The images on the right are possibly familiar to you. They are children who committed suicide due to ongoing cyberbullying and other forms of cruelty. Phoebe Prince of Massachusetts, Tyler Clementi of New Jersey, Megan Meier of Missouri. Cyberbullying is a huge problem. We need to be mostly concerned, not with the one off mean message of a kid being “a kid” but with repetition or ongoing cruelty. It can take so many different forms, it might be anonymous but your child will likely know who is involved if asked. Few kids tell their parents or a trusted adult. So while schools now have policies about cyberbullying and 43 of 50 states have laws about it, and school counselors now have an ethical obligation to address cyberbullying in their charter, many who reported it in the past to school staff say it made matters worse. Schools are not perfect when it comes to delaing with it, even though it impacts the students ability to learn, it can create a hostile environment and it can contribute to a child developing depression. We have to educate our children about being the same in person as you are online, also about the permanency of digital communication. Teach kids not to respond to cyberbullying , to keep a copy (cut and paste into word processing), tell school (especially if they know their bully and their school has a cyberbullying policy) if threats or violence is implied, immediately report it to local law enforcement. , etc. Most kids are trying to the right thing online and off but we do need more schools to teach the importance of character and appropriate behavior.

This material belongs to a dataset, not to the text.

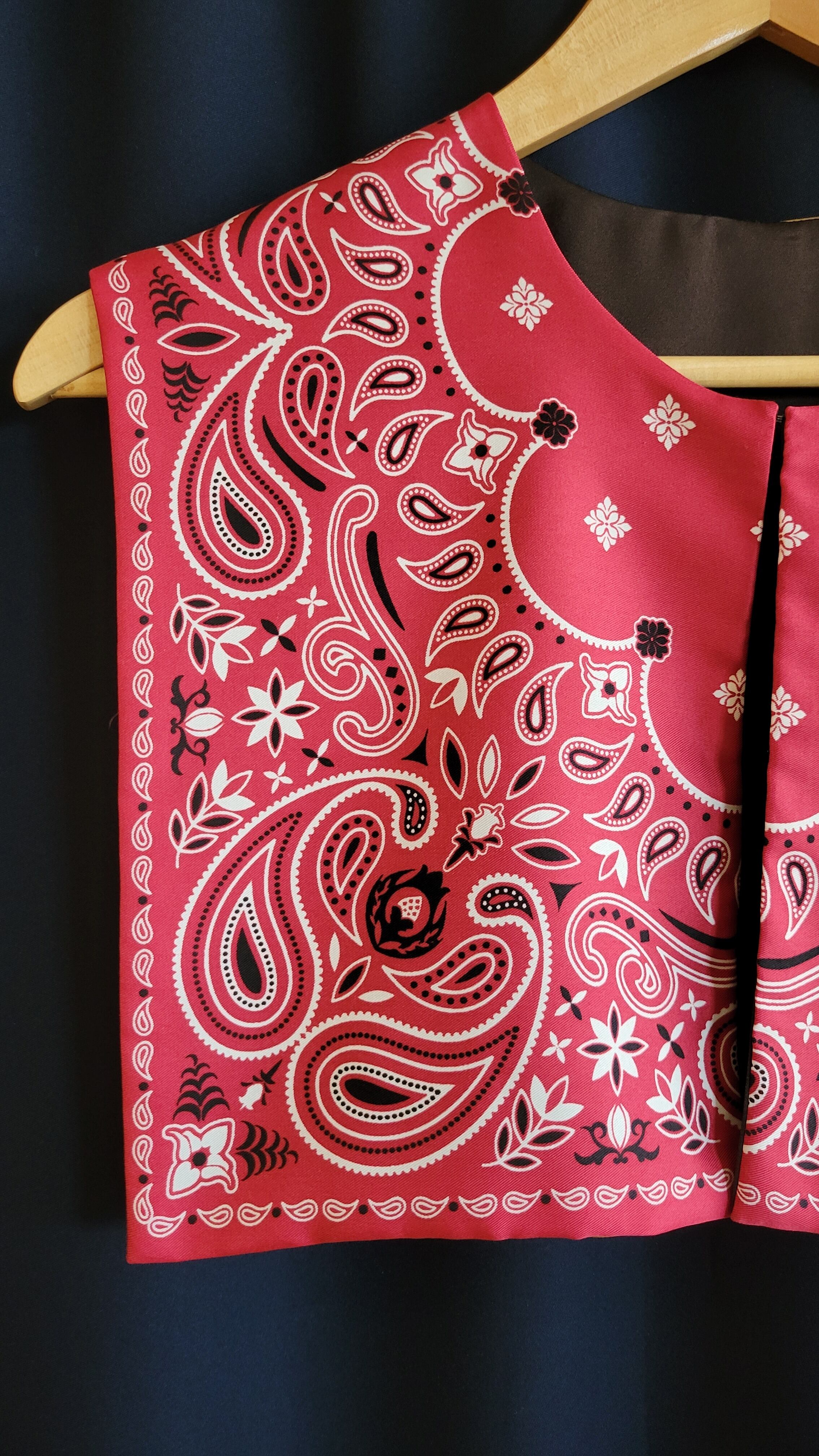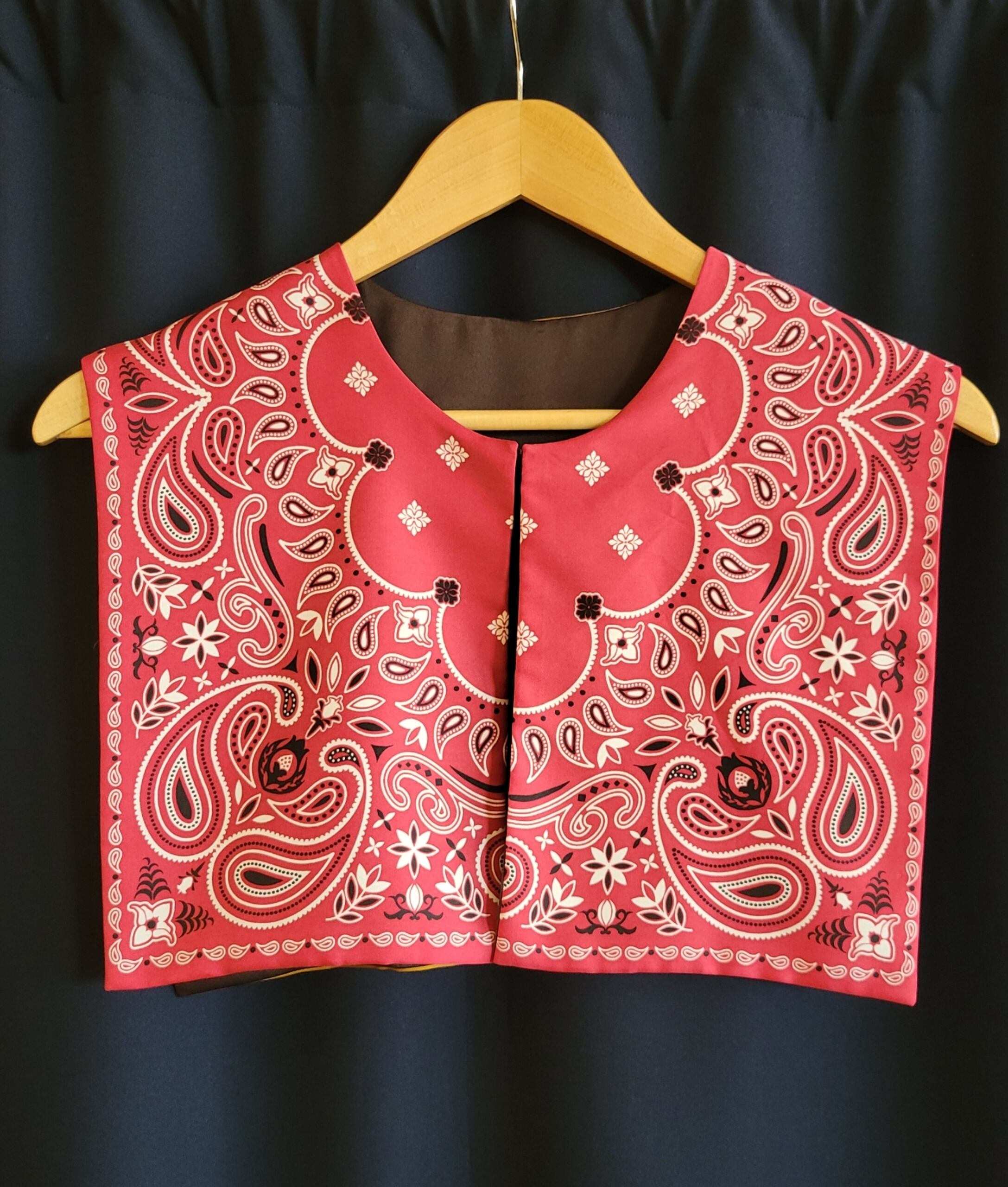 ヴィンテージスカーフをリメイクした付け襟です。素材はポリエステルです。サテンの裏地付きで薄手過ぎず、きちんと感があります。首もとに小さなホック付き。リバーシブルでの着用可(その場合ホックが表に見えます)。

Parents must be aware of cyberbullying and teach their kids to recognize and report it. Talk to your child about how you could work together if it happened. If it does, make sure you don’t respond to the bully. Keep a copy of any on screen message, no matter how embarassing. And if you are a bystander (meaning you were sent a link to a mean website, copied on an email, etc) make sure you reach out to the victim/target to express friendship, sympathy, offer a diversion together (like ‘let’s get together after school and work on math’) If the bullying is serious enough, get police involved. If it’s impacting the school environment, (child is afraid to go to school, feels like everyone is laughing at them, etc) then report to the school, the teacher or principal, counselor or resource officer. But parents need to drive process, leave a paper trail, review the school policy, ask for an action plan in writing. Stay on top of things and demand a respones. (from Allison Trachthill) theAmerican School Counselor Association has updated its ethical standards. Now, confronting cyberbullying is an ethical obligation for school counselors. Section A.10.e of the Ethical Standards for School Counselors states that school counselors should, "Consider the extent to which cyberbullying is interfering with students’ educational process and base guidance curriculum and intervention programming for this pervasive and potentially dangerous problem on research-based and best practices."